## Set up

In [1]:
from os import listdir
import pandas as pd

## Combine predictions from multiple models

In [2]:
# load dataset with tweets and labels for development set
tweet_df = pd.read_csv('../data/derived/tweets_supervised_dev.csv')

# set tweet ID as head for easy joining later on
tweet_df.set_index('tweet_id', inplace=True)

# get files in prediction directory
predictions_directory = '../data/derived/predictions'
predictions_files = listdir(predictions_directory)

# get files in prediction directory related to development dataset
dev_files = [file for file in predictions_files if 'dev' in file]

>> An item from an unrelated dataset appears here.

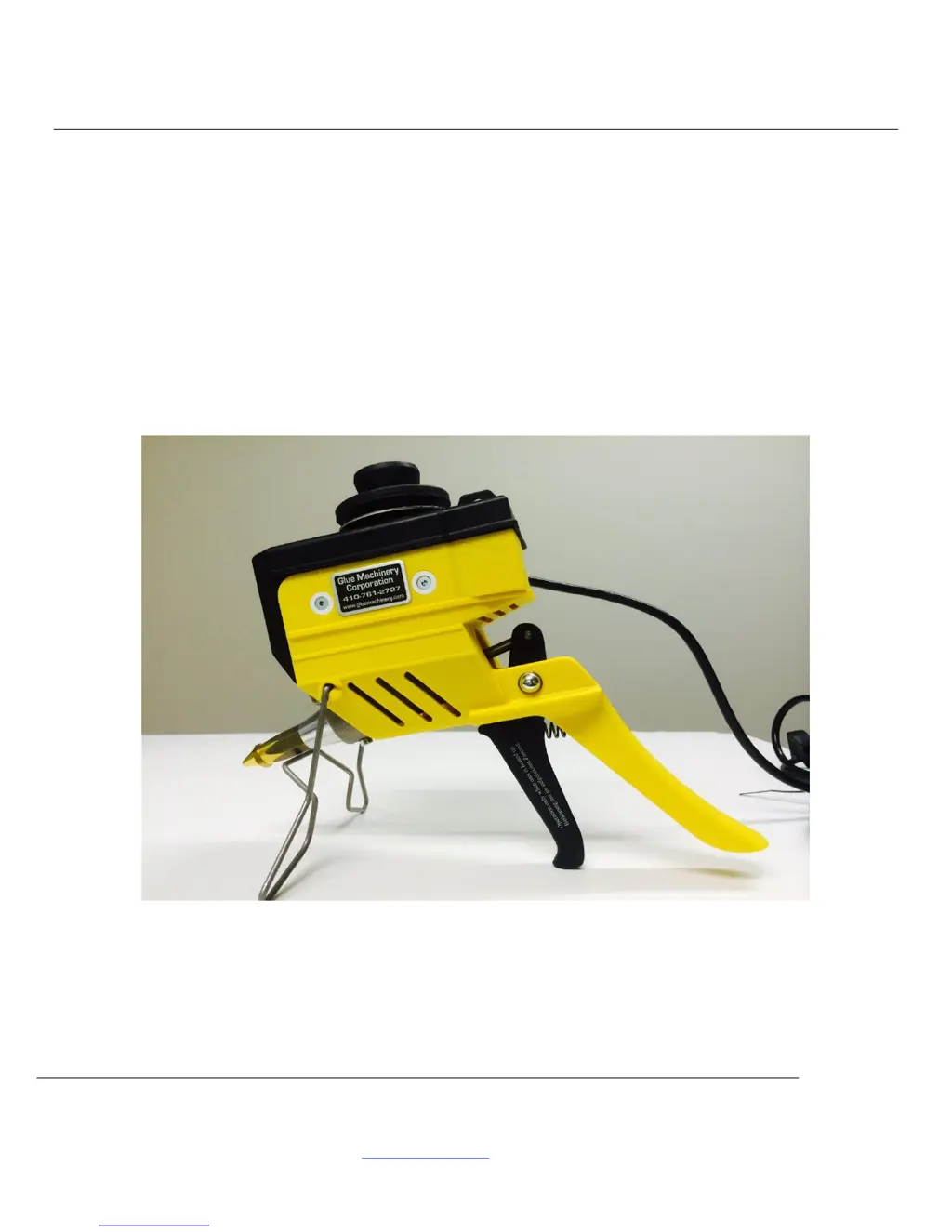 If little to no glue comes out of the Glue Machinery Glue Gun nozzle after warm-up, there might be several reasons: * The nozzle could be clogged. Try unscrewing and cleaning or replacing it. * The adhesive might be too thick or have too high viscosity, meaning you're using the wrong glue or the temperature is too low. * The temperature could be too low. Use a probe to measure the temperature of the molten glue in the tank. * The cap vent could be clogged. Try cleaning the vent hole.

# sort files in directory by name
dev_files.sort()

# iterate over development prediction files
for file in dev_files:

    # get model name from filename
    model_name = file[:-len('.csv')]

    # load predicted labels from file
    prediction_df = pd.read_csv(f'{predictions_directory}/{file}')

    # drop label and rename prediction columns in prediction dataframe
    prediction_df.rename(columns={'prediction':f'{model_name}'}, inplace=True)
    prediction_df.drop(columns='label', inplace=True)

    # set tweet ID as head for easy joining
    prediction_df.set_index('tweet_id', inplace=True)

    # left join predictions onto development dataset
    tweet_df = tweet_df.join(prediction_df, how='left')

# write summary to CSV
filepath_out = f'{predictions_directory}/supervised_summary.csv'
tweet_df.to_csv(filepath_out, index=True)